| WHAT YOU ARE ASKED TO DO |
Could you retype the lines below, starting at the line holding "本日の献立は、ごはん、鯖の生" and stopping at the line holding "上段の前面は使いやすい取っ手", inclusive? Copy them exactly and drop the images.

| DATA LISTING |

------------

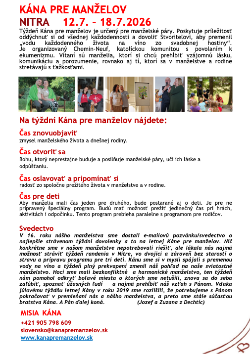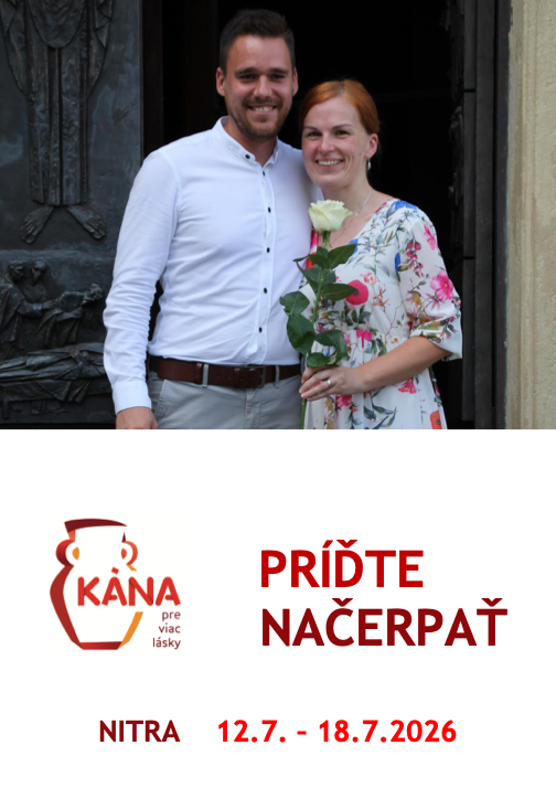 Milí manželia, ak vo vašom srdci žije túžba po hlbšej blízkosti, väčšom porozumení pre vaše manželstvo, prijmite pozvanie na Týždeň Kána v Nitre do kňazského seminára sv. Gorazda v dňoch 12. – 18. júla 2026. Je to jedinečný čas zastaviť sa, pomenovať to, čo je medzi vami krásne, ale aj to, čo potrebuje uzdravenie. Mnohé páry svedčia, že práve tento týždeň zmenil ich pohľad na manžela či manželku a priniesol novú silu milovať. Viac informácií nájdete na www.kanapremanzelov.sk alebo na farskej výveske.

------------

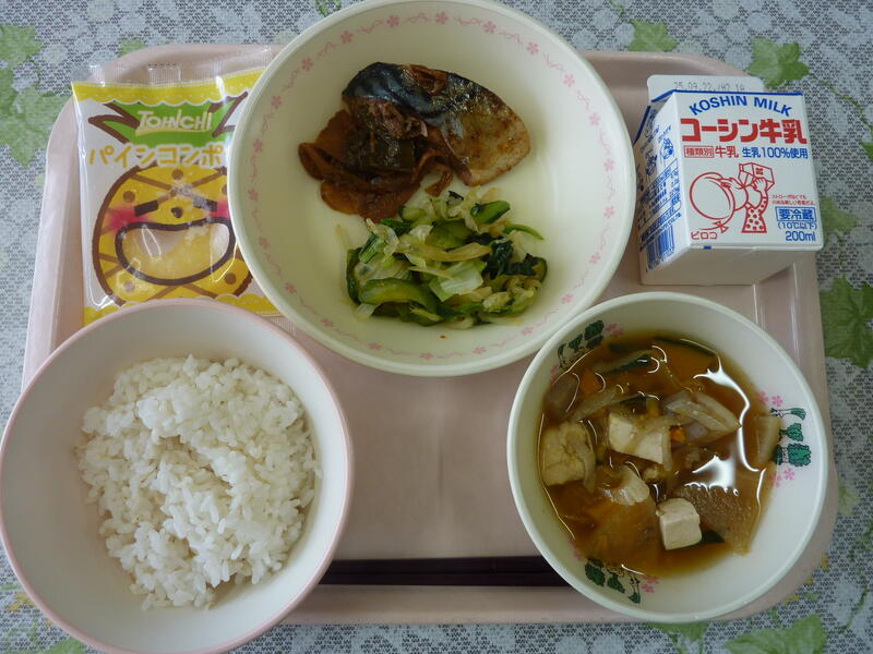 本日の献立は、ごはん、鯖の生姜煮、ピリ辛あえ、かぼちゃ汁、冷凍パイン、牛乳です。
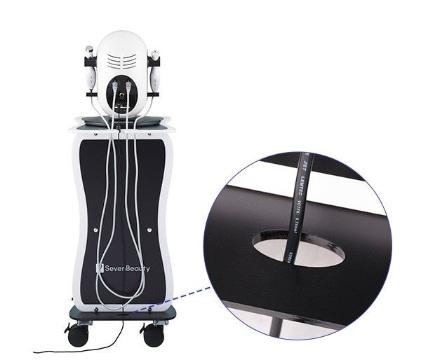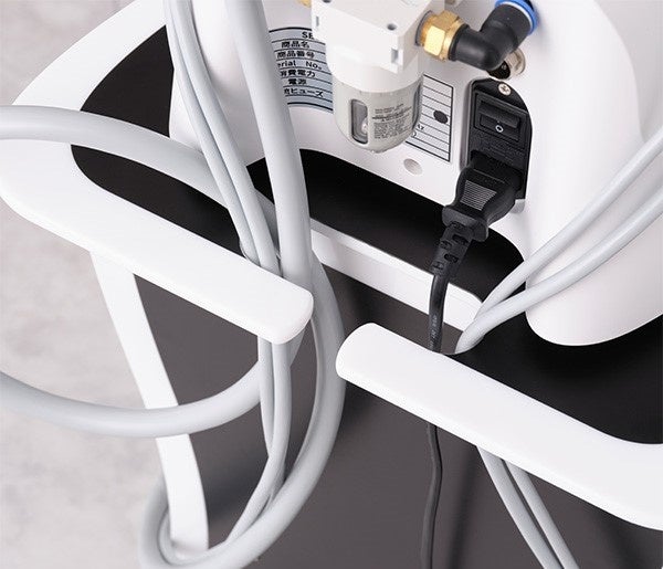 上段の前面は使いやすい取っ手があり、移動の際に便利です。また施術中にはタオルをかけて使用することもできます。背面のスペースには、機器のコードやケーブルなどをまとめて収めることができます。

------------

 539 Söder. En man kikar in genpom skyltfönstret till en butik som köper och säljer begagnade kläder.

------------

| RESULT OF THE TASK |
 本日の献立は、ごはん、鯖の生姜煮、ピリ辛あえ、かぼちゃ汁、冷凍パイン、牛乳です。
 上段の前面は使いやすい取っ手があり、移動の際に便利です。また施術中にはタオルをかけて使用することもできます。背面のスペースには、機器のコードやケーブルなどをまとめて収めることができます。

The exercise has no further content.